-- DIRECTIONS FOR THIS TASK --
Please print the listing that follows word for word, but skip any pictures it holds.

-- INFORMATION SUPPLIED --

____

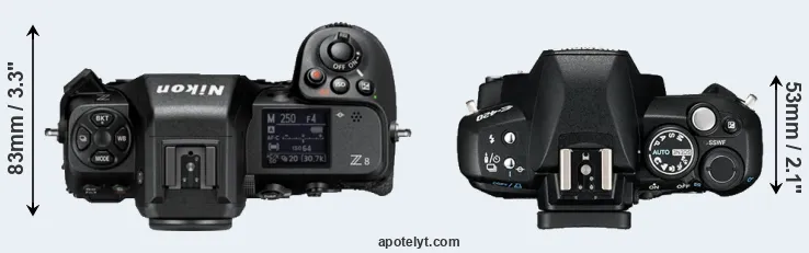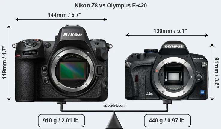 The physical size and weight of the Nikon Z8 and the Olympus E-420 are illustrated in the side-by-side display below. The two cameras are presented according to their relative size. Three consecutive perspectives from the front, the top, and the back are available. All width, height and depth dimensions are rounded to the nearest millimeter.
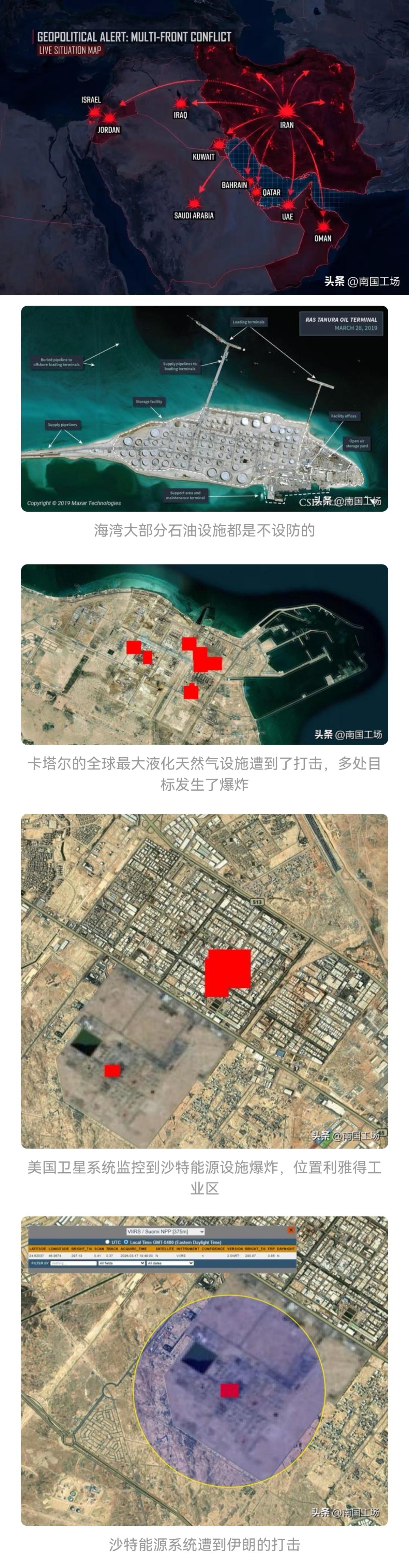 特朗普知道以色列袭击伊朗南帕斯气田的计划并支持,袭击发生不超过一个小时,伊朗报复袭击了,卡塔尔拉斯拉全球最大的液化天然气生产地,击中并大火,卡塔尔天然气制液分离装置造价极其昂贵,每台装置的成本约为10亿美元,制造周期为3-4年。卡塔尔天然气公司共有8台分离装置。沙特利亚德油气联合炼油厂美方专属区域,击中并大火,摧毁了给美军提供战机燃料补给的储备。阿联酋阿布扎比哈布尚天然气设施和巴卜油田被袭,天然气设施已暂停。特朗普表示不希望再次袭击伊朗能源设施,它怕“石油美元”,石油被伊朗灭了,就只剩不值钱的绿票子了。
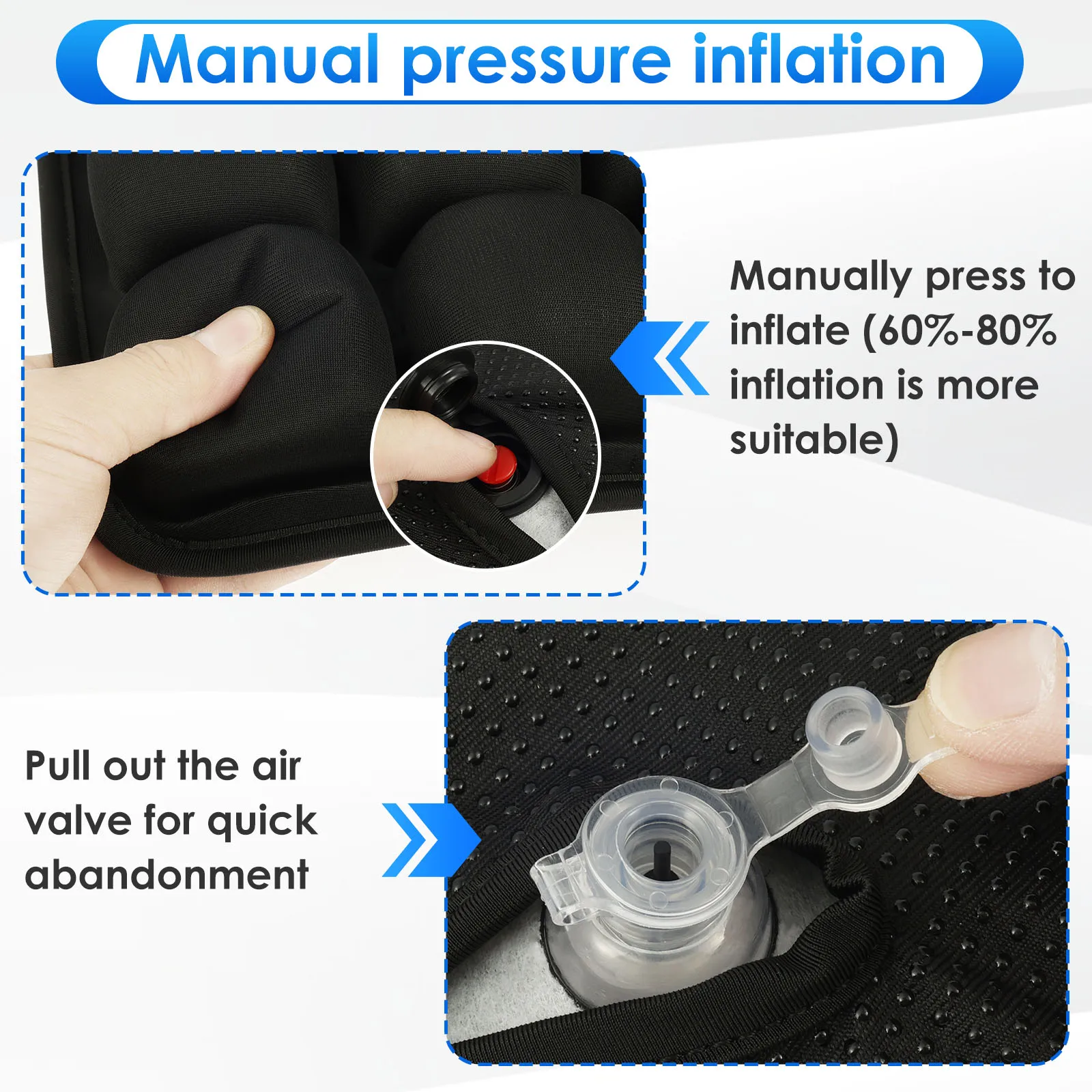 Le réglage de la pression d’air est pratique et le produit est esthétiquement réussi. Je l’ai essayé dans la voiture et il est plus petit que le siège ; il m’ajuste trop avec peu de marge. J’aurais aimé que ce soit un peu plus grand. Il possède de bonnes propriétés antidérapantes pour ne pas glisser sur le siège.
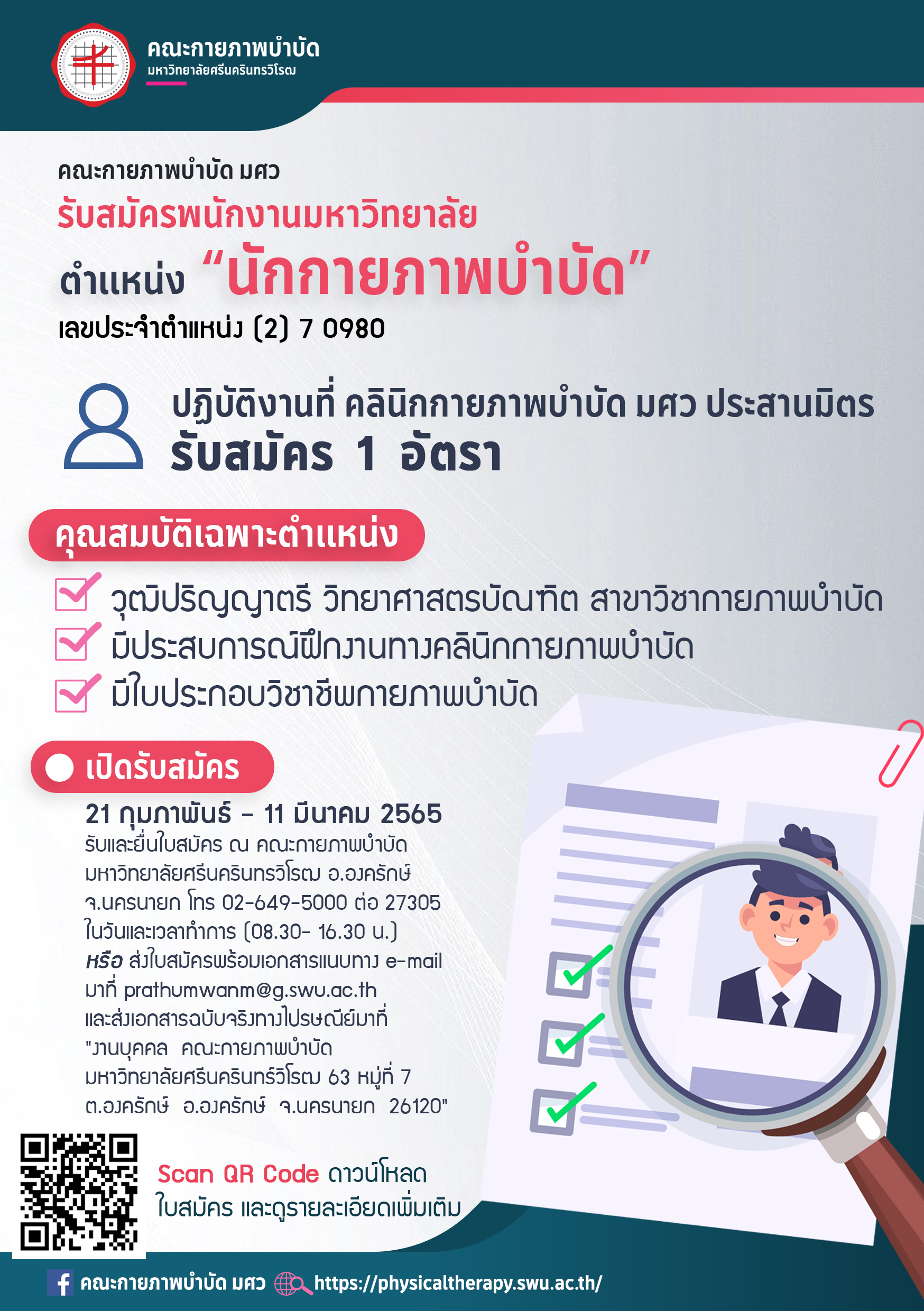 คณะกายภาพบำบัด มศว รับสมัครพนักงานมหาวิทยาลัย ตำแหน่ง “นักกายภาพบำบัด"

____

-- TASK ANSWER --
 The physical size and weight of the Nikon Z8 and the Olympus E-420 are illustrated in the side-by-side display below. The two cameras are presented according to their relative size. Three consecutive perspectives from the front, the top, and the back are available. All width, height and depth dimensions are rounded to the nearest millimeter.
 特朗普知道以色列袭击伊朗南帕斯气田的计划并支持,袭击发生不超过一个小时,伊朗报复袭击了,卡塔尔拉斯拉全球最大的液化天然气生产地,击中并大火,卡塔尔天然气制液分离装置造价极其昂贵,每台装置的成本约为10亿美元,制造周期为3-4年。卡塔尔天然气公司共有8台分离装置。沙特利亚德油气联合炼油厂美方专属区域,击中并大火,摧毁了给美军提供战机燃料补给的储备。阿联酋阿布扎比哈布尚天然气设施和巴卜油田被袭,天然气设施已暂停。特朗普表示不希望再次袭击伊朗能源设施,它怕“石油美元”,石油被伊朗灭了,就只剩不值钱的绿票子了。
 Le réglage de la pression d’air est pratique et le produit est esthétiquement réussi. Je l’ai essayé dans la voiture et il est plus petit que le siège ; il m’ajuste trop avec peu de marge. J’aurais aimé que ce soit un peu plus grand. Il possède de bonnes propriétés antidérapantes pour ne pas glisser sur le siège.
 คณะกายภาพบำบัด มศว รับสมัครพนักงานมหาวิทยาลัย ตำแหน่ง “นักกายภาพบำบัด"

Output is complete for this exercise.